Survival aims at activating basic high-priority functionalities, which can be undertaken for security and preservation ends.

Instinct aims at activating simple reactive task, which are undertaken without any semantic elaboration.

An HAREM entity is arranged as a FIPA agent with five specialized roles: a receiver role, a vocation role, an ability role, a survival role, an instinct role (Fig. 4).


Fig. 4. HAREM static UML description
Further application specific operating roles are also included. Diagram in Fig. 5 describes the HAREM role interaction protocol according to the representation proposed by [ODELL 2001]. Each request addressed to the HAREM entity is first processed by receiver, which forwards it to survival and to vocation. Survival mainly deals with security issues: when some danger is detected, it alerts vocation. If no danger is detected, vocation selects the application specific operating roles to comply with the request. Communication between vocation and operating roles takes place according to the FIPA specifications on Agent Interaction Protocols [FIPA 2001] and to communicative act semantics in [FIPA 2002B].

Each operating role may send a request to ability for external resource lookup. This is performed by a request sent by the ability to other HAREM agents.



Finally, instinct is a default operating role. Vocation sends the request to instinct only if no other operating role can comply with it.
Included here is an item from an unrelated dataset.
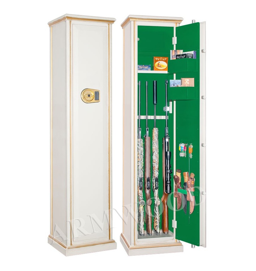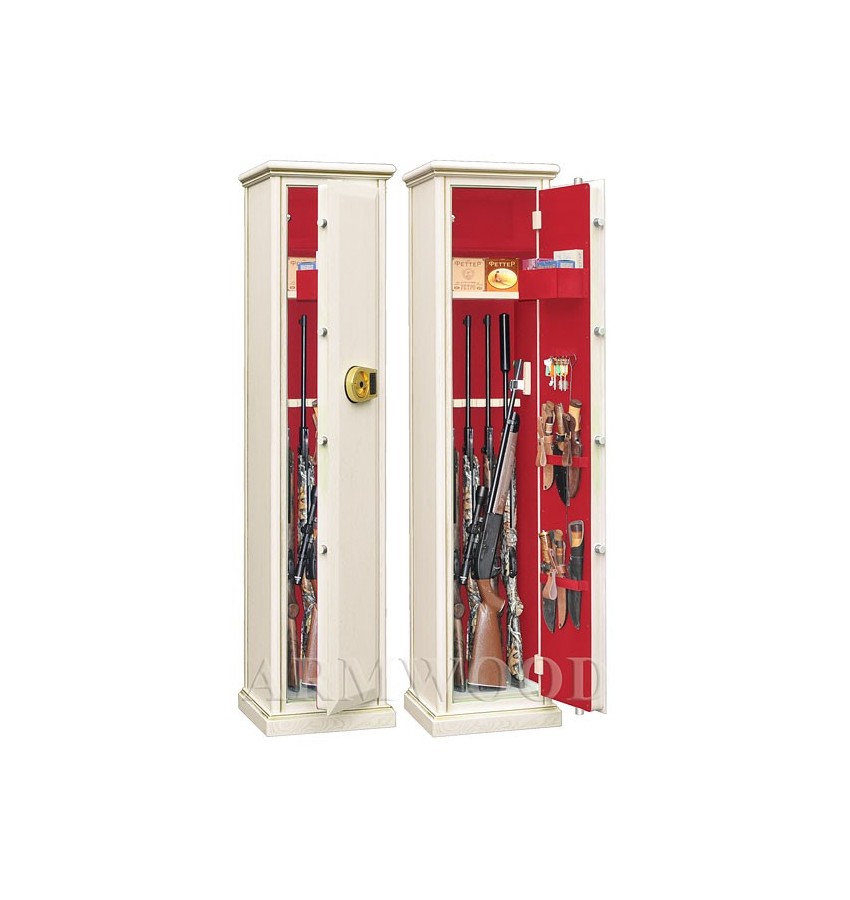 Элитный оружейный сейф с отделкой натуральным деревом. Окрашенное дерево (по каталогу RAL) с патинированием. Сейфы полностью удовлетворяют требованиям МВД к хранению оружия. Замок Сейф оборудован высокосекретным сертифицированным электронным кодовым замком La Gard (США). Этот замок Вы можете использовать с одним пользовательским кодом либо с двумя кодами: код руководителя (мастер-код) и рабочий код. Подробная и понятная инструкция на русском языке прилагается. Питание электронного замка от стандартной батарейки. Долгий срок службы батарейки. Простая смена разряженной батарейки. Сейф имеет мощную вертикальную и горизонтальную ригельную систему с запиранием по всем сторонам. Защита Дверь сейфа имеет коробчатую конструкцию для дополнительного усиления. Петли внутренние из стали 6мм. Усиленный корпус. Внутреннее устройство Внутри сейфа запираемое (патронное) отделение, съёмная полка и деревянные ложементы на пять стволов. Кроме того на одной из боковых стенок сейфа имеется съёмный роликовый ложемент-зажим (производства Германии) с регулируемой высотой установки, который используется для хранения шестого ствола либо для дополнительной фиксации оружия с оптикой. На внутренней поверхности двери сейфа имеются держатели для ножей и крючки для хранения шомполов, ключей и прочего. По желанию заказчика возможна поставка сейфа с дополнительным лотком на внутренней поверхности двери (как на фото в открытом виде). По желанию заказчика возможна поставка с дополнительными полками. На внутренней поверхности одной из дверей сейфа имеются удобные крючки и два держателя для хранения ножей и пр. Внутренняя отделка Сейфы ARMWOOD модификации FLOCK имеют престижную полную внутреннюю мягкую отделку флокированием бархатом (различных цветов по нашему каталогу), например на фото – флок бордо. Полная внутренняя мягкая отделка защищает Ваше оружие от контакта с металлом, царапин повреждений и т.п. Некоторые варианты флока представлены на дополнительном фото. Установка Предусмотрена возможность крепления сейфа к стене. По желанию заказчика возможна поставка в исполнении, предусматривающем также крепление к полу. Модификации В зависимости от типа внутренней отделки имеются четыре модификации этих оружейных сейфов. Модификация Primary(базовая) имеет деревянные ложементы отделанные бархатом либо винилискожей либо ложементы «премиум». Модификации Lux и Lux+ имеют дополнительно к базовой - мягкую полную внутреннюю отделку винилискожей или бархатом. Различные варианты цвета бархата и винилискожи по нашему каталогу. New! Поступила винилискожа, имитирующая кожу крокодилов, змей и т.п. Тоже различных цветов! Модификация Lux+ отличается от модификации Lux следующим: дополнительная отделка фасада внутреннего запираемого отделения деревом. Модификация Flock имеет полную внутреннюю отделку флокированием бархатом (различных цветов по нашему каталогу) и ложементы «премиум». На фотографиях в открытом виде представлены сейфы в модификации Flock (в данном случае флок - бордо). Полная внутренняя мягкая отделка защищает Ваше оружие от контакта с металлом, царапин, повреждений и т.п. Металлические детали сейфа имеют гигиенически безопасное износо- и коррозионно-устойчивое полимерно-порошковое покрытие на основе материалов производства Италии или Франции. Имеются покрыт

Fig. 6. HAREM entities interaction UML description


7 Case Study

We are currently setting up a HAREM based application for service providing in cultural heritage environments. The project aims at turning a cultural heritage site into augmented reality for tourist service providing. For example, if a visitor is near some interesting object (e.g. a sculpture, a painting, some ruins), he should be automatically provided with information and facilities about it. In AR this is accomplished by interaction between the visitor and the surrounding environment. Similarly to other projects, our approach requires that visitors are provided with some mobile device (e.g. a PDA or a cellular phone with suitable connectivity features).

A Site Positioning System (SPS), which is currently based on Bluetooth and Infrared technologies, accomplishes position tracking of each visitor and stores 2 or 3 fixed coordinates of each interesting physical object in the environment, thus allowing proximity detection for context aware service providing.

Here we show a simple example from our application. As hinted in introduction, suppose that a statue is placed in some point of our site. Some spotlights (S1,S2 and S3) and a remote display are placed next to the statue.




Fig. 7. The Statue entity example


We want the AR environment to fulfill the following requirements:

1) when some visitor gets near the statue, a brief presentation of the statue is showed on the remote display.

2) when some visitor near the statue shows interest in some detail or explanation about the statue, required information is presented on the remote display.

3) when there is no visitor around, all the spotlights and the remote display are switched off.

4) when someone gets too near to the statue, an alarm system is activated.